- REQUIRED ACTION
Please find the line that holds "استقبل الرئيس محمود" below and reproduce it, along with every line after it through the end, exactly and without pictures.

- DATA
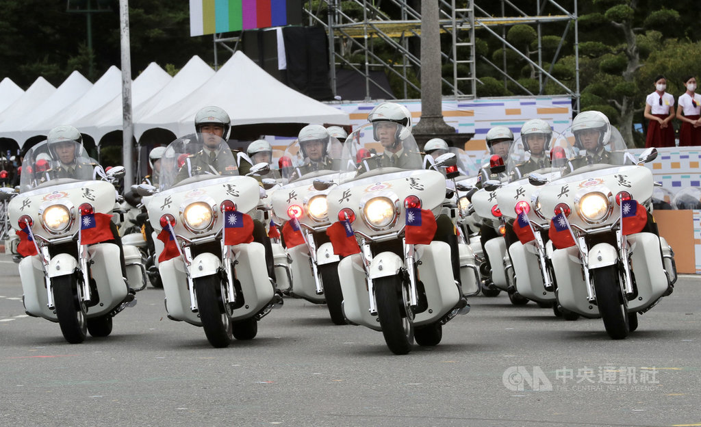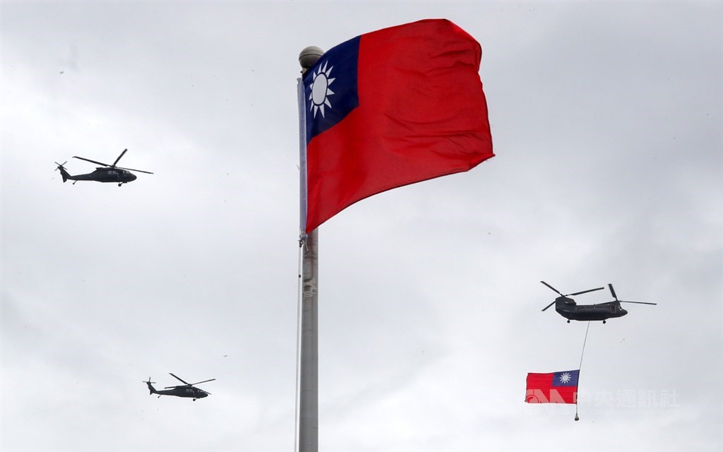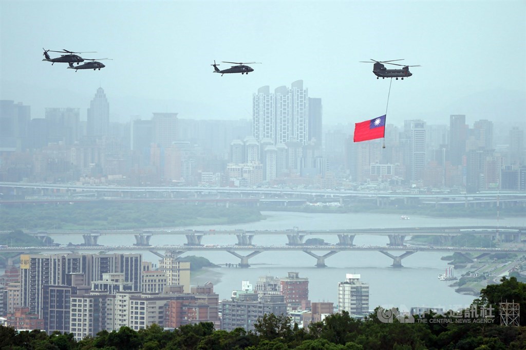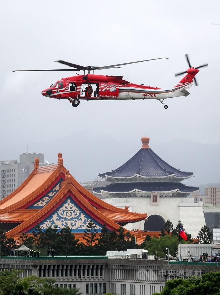 國慶典禮今天舉行,序幕暖場階段,由三軍樂儀隊、憲兵快反連、維安特勤隊及空勤總隊黑鷹演出及演練,俗稱「紅鷹」的空勤UH-60M黑鷹直升機,首次以低高度飛進總統府限航區。
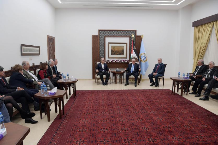 استقبل الرئيس محمود عباس، بمقر الرئاسة في مدينة رام الله، مساء الخميس، وفداً اقتصادياً إسرائيليا ضم ثلاثين اقتصاديا من مؤسسة "كسر الجمود الاسرائيلية" برئاسة رجل الاعمال شموئيل ميتار.
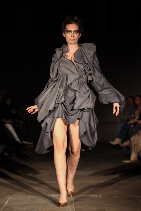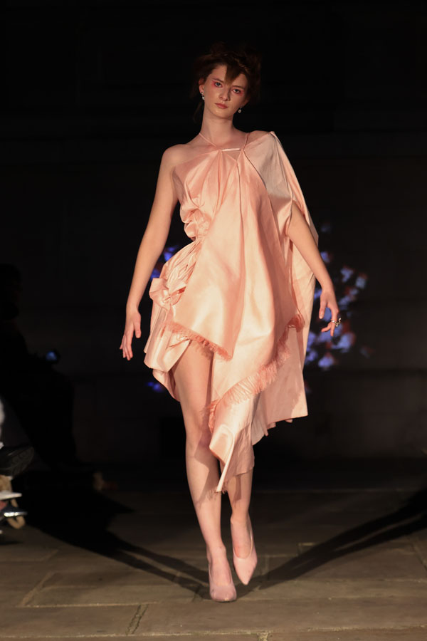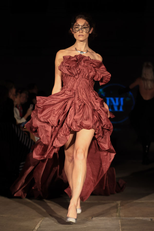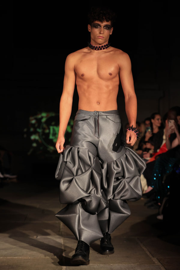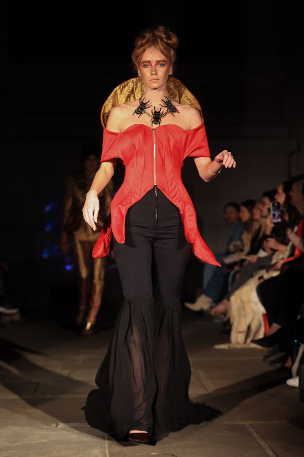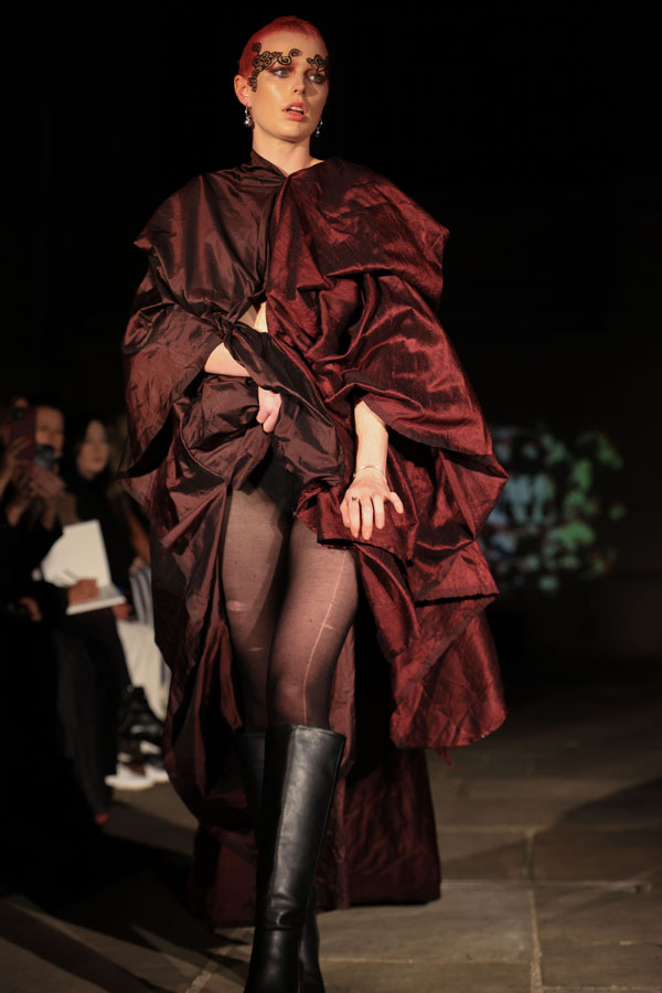 In ‘Into The Gloaming’, Maclean weaves these elements into a dramatic fashion narrative, where the models, like the sisters in RosseG’s poem, undergo a stunning transformation. As the show progresses, the collec5on takes the audience on a visual journey from innocence to darkness. The garments, which ini5ally feature soN pastel tones, evolve into more vibrant hues, and finally into deep, drama5c shades – mirroring the emo5onal arc of the sisters and their encounters with the goblins.

- SOLUTION TO THIS PROBLEM
 استقبل الرئيس محمود عباس، بمقر الرئاسة في مدينة رام الله، مساء الخميس، وفداً اقتصادياً إسرائيليا ضم ثلاثين اقتصاديا من مؤسسة "كسر الجمود الاسرائيلية" برئاسة رجل الاعمال شموئيل ميتار.
 In ‘Into The Gloaming’, Maclean weaves these elements into a dramatic fashion narrative, where the models, like the sisters in RosseG’s poem, undergo a stunning transformation. As the show progresses, the collec5on takes the audience on a visual journey from innocence to darkness. The garments, which ini5ally feature soN pastel tones, evolve into more vibrant hues, and finally into deep, drama5c shades – mirroring the emo5onal arc of the sisters and their encounters with the goblins.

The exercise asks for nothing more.